Amazon S3

 Amazon S3

  • S3 is one of the main building blocks of AWS
  • Infinitely scaling storage
  • Many websites use Amazon S3 as a backbone
  • Many AWS services use S3 as an integration as well

Amazon S3 use cases

  • Backup and storage
  • Disaster Recovery
  • Archive
  • Hybrid Cloud storage
  • Application hosting
  • Media hosting
  • Data lakes & big data analytics
  • Software delivery
  • Static website
  • examples:
    • Nasdaq stored 7 years of data into S3 glacier
    • Sysco runs analytics on its data and gain business insights

Amazon S3 - Buckets

  • Amazon S3 allows people to store objects (files) in "buckets" (directories)
  • Buckets must have a globally unique name (across all regions all accounts)
  • Buckets are defined at the region level
  • S3 looks like a global service but buckets are created in a region
  • Naming convention
    • No uppercase, No underscore
    • 3-63 character long
    • Not an IP
    • Must start with lowercase letter or number
    • Must Not start with the prefix xn--
    • Must Not end with the suffix -s3alias

Amazon S3 - Objects

  • Objects (files) have a Key
  • The Key is the full path:
    • s3://my-bucket/my_file.txt
    • s3://my-bucket/my_folder1/another_folder/my_file.txt
  • The key is composed of prefix + object name
    • s3://my-bucket/my_folder1/another_folder/my_file.txt
  • There's no concept of "directories" within buckets (although the UI will trick you to think otherwise)
  • Just keys with very long names that contain slashes ("/")
  • Object values are the content of the body:
    • Max. Object Size in 5TB (5000 GB)
    • If uploading more than 5GB, must use "multi-part upload"
  • Metadata (list of test key / value pairs - system or user metadata)
  • Tags (Unicode key / value pair - up to 10) - useful for security / lifecycle
  • Version ID (if versioning is enabled)

Amazon S3 Security

  • User-Based
    • IAM Policies - which API calls should be allowed for a specific user from IAM
  • Resource-Based
    • Bucket Policies - bucket wide rules from the S3 console - allows cross account
    • Object Access Control List (ACL) - finer grain (can be disabled)
    • Bucket Access Control List (ACL) - less common (can be disabled)
  • Note: an IAM principal can access an S3 object if 
    • The user IAM permissions ALLOW it OR the resource policy ALLOWS it
    • AND there's no explicit DENY
  • Encryption: encrypt objects in Amazon S3 using encryption keys

S3 Bucket Policies

  • json based policies
    • Resources: buckets and objects
    • Effect: Allow/Deny
    • Actions: Set of API to Allow or Deny
    • Principal: The account or user to apply the policy to 
  • Use S3 bucket for policy to:
    • Grant public access to the bucket
    • Force objects to be encrypted at upload
    • Grant access to another account (Cross Account)
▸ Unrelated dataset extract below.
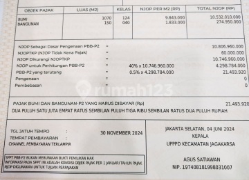High Return Lokasi Strategis Pinggir jalan raya kawasan elit jagakarsa, transportasi lengkap Luas Lahanya 1070 M2 Sertifikat Hak milik. sudah ada bangunan kos kosan 22 unit dan juga Bangunan 3 unit Ruko. *** *Penghasilan Kos- kosan* Perbulannya dari Rp 1.800.000 Sampai Rp 2.200.000. PerSatu kamarnya. Total Kos kosannya Ada 22 kamar. Harganya Kita pukul Rata Rata persatu kamar kos kosan perbulannya Rp 2.000.000 X 22 kamar = Rp 4400xxxxperbulannya) Rp 44.000.000 X 12 bulan = Rp 52800xxxxpertahunnya) *** *Penghasilan 3 unit Ruko* Kontrak Satu Ruko Pertahunnya Rp.95 juta. ini ada 3 bangunan Ruko. Rp 95 juta X 3 Ruko = Rp 285 juta. TOTAL PENGHASILANNYA ATAU PEMASUKAN dari kos kosan dan Tiga unit Ruko Rp 813.000.xxx,- Pertahunnya

Bucket settings for Block Public Access

  • Block all public access(ON)
    • Block public access to buckets and objects granted through new access control lists (ACLs)
    • Block public access to buckets and objects granted through any access control lists (ACLs)
    • Block public access to buckets and objects granted through new public bucket or access point policies
    • Block public access to buckets and objects granted through any public bucket or access point policies
  • These settings were created to prevent company data leaks
  • If you want your bucket should never be public, leave these on
  • Can be set at the account level

Amazon S3 - Static Website Hosting

  • S3 can host static websites and have them accessible on the Internet
  • The Website URL will be (depending on the region)
    • http://bucket-name.s3-website-aws-region.amazons.com OR
    • http://bucket-name.s3-website.aws-region.amazons.com
  • If you get a 403 Forbidden error, make sure the bucket policy allows public reads!

Amazon S3 - Versioning

  • You can version your files in Amazon S3
  • It is enabled at the bucket level
  • Same key overwrite will change the "version": 1,2,3,.....
  • It is best practice to version your buckets
    • Protect against unintended deletes (ability to restore a version)
    • Easy roll back to previous version
  • Notes:
    • Any file that is not versioned prior to enabling versioning will have version "null"
    • Suspending versioning does not delete the previous versions

Amazon S3 - Replication (CRR and SRR)

  • Must enable Versioning in source and destination buckets
  • Cross-Region Replication (CRR)
  • Same-Region Replication (SRR)
  • Buckets can be in different AWS accounts
  • Copying is asynchronous
  • Must give proper IAM permission to S3
  • Use Cases:
    • CRR - compliance, lower latency access, replication across accounts
    • SRR - log aggregation, live replication between production and test accounts

S3 Storage Classes

  • Amazon S3 Standard - General Purpose
  • Amazon S3 Standard - Infrequent Access (IA)
  • Amazon S3 One Zone-Infrequent Access
  • Amazon S3 Glacier Instant Retrieval
  • Amazon S3 Glacier Flexible Retrieval
  • Amazon S3 Glacier Deep Archive
  • Amazon S3 Intelligent Tiering
  • Can move between classes manually or using S3 Lifecycle configurations

S3 Durability and Availability

  • Durability:
    • High durability (99.99999999999%, 11 9's) of objects across multiple AZ
    • If you store 10,000,000 objects with Amazon S3, you can on average expect to incur a loss of a single object once every 10,000 years
    • Same for all storage classes
  • Availability:
    • Measures how readily available a service is
    • Varies depending on storage class
    • Example: S3 standard has 99.99% availability = not available 53 minutes a year

S3 Standard - General Purpose

  • 99.99% Availability
  • Used for frequently accessed data
  • Low latency and high throughput
  • Sustain 2 concurrent facility failures
  • Use Cases: Big Data analytics, mobile & gaming applications, content distribution ....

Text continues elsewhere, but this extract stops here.